**Data section:**
════════════════════

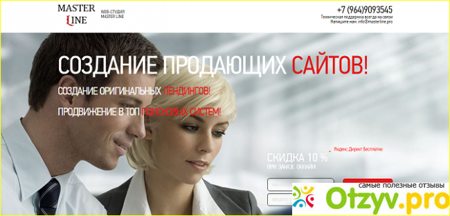 Симпатичный, привлекательный сайт веб-студии "Master Line", впечатляет! Подобраны фотографии, отвечающие тематики сайта. Заходишь на сайт и сразу понятно о чем сайт, в первом блоке прописаны основные предложения веб-студии, крупными заголовками и тут же скидки и бесплатное предложение по Яндекс. Директ.
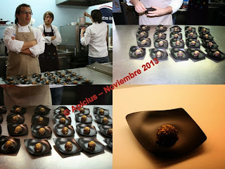 Nos explico como había realizado este bocado, que en un principio nos iba confundir, ya que in-mente tendríamos un bocado dulce, pero el bombón estaba relleno con un puré de garbanzos, cerrado en un bombón de cobertura negra y polvo de kikos, así que el contraste es curioso entre el saldo del puré de garbanzos y los Kikos, para al final, una vez que la cobertura negra se ha fundido con la temperatura de la boca, nos crea un paisaje de cacao y agradable persistencia en boca.Terminada la presentación del primer aperitivo vino el segundo de la mano de Mikel Fiestras del Restaurante La Huerta, Una copa de boletus y otras cosillas,
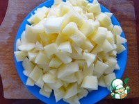 Картошку тоже кубиками нарезаем. Жарим на сковороде до золотистой корочки. |
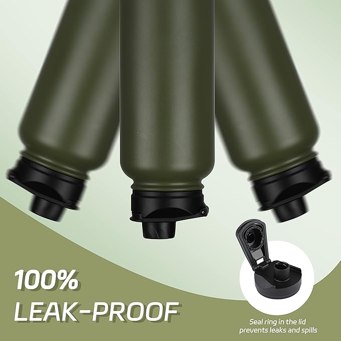 HASLE OUTFITTERS 32 oz Insulated Water Bottle Stainless Steel Double Walled Vacuum Sports Water Bottle with 2 Lids (Straw and Spout Lid) for Gym Camping Hiking(Army Green,1)

════════════════════

**Work instruction:**
An exact copy of every line above is needed, without the images.

**Exercise result:**
 Симпатичный, привлекательный сайт веб-студии "Master Line", впечатляет! Подобраны фотографии, отвечающие тематики сайта. Заходишь на сайт и сразу понятно о чем сайт, в первом блоке прописаны основные предложения веб-студии, крупными заголовками и тут же скидки и бесплатное предложение по Яндекс. Директ.
 Nos explico como había realizado este bocado, que en un principio nos iba confundir, ya que in-mente tendríamos un bocado dulce, pero el bombón estaba relleno con un puré de garbanzos, cerrado en un bombón de cobertura negra y polvo de kikos, así que el contraste es curioso entre el saldo del puré de garbanzos y los Kikos, para al final, una vez que la cobertura negra se ha fundido con la temperatura de la boca, nos crea un paisaje de cacao y agradable persistencia en boca.Terminada la presentación del primer aperitivo vino el segundo de la mano de Mikel Fiestras del Restaurante La Huerta, Una copa de boletus y otras cosillas,
 Картошку тоже кубиками нарезаем. Жарим на сковороде до золотистой корочки. |
 HASLE OUTFITTERS 32 oz Insulated Water Bottle Stainless Steel Double Walled Vacuum Sports Water Bottle with 2 Lids (Straw and Spout Lid) for Gym Camping Hiking(Army Green,1)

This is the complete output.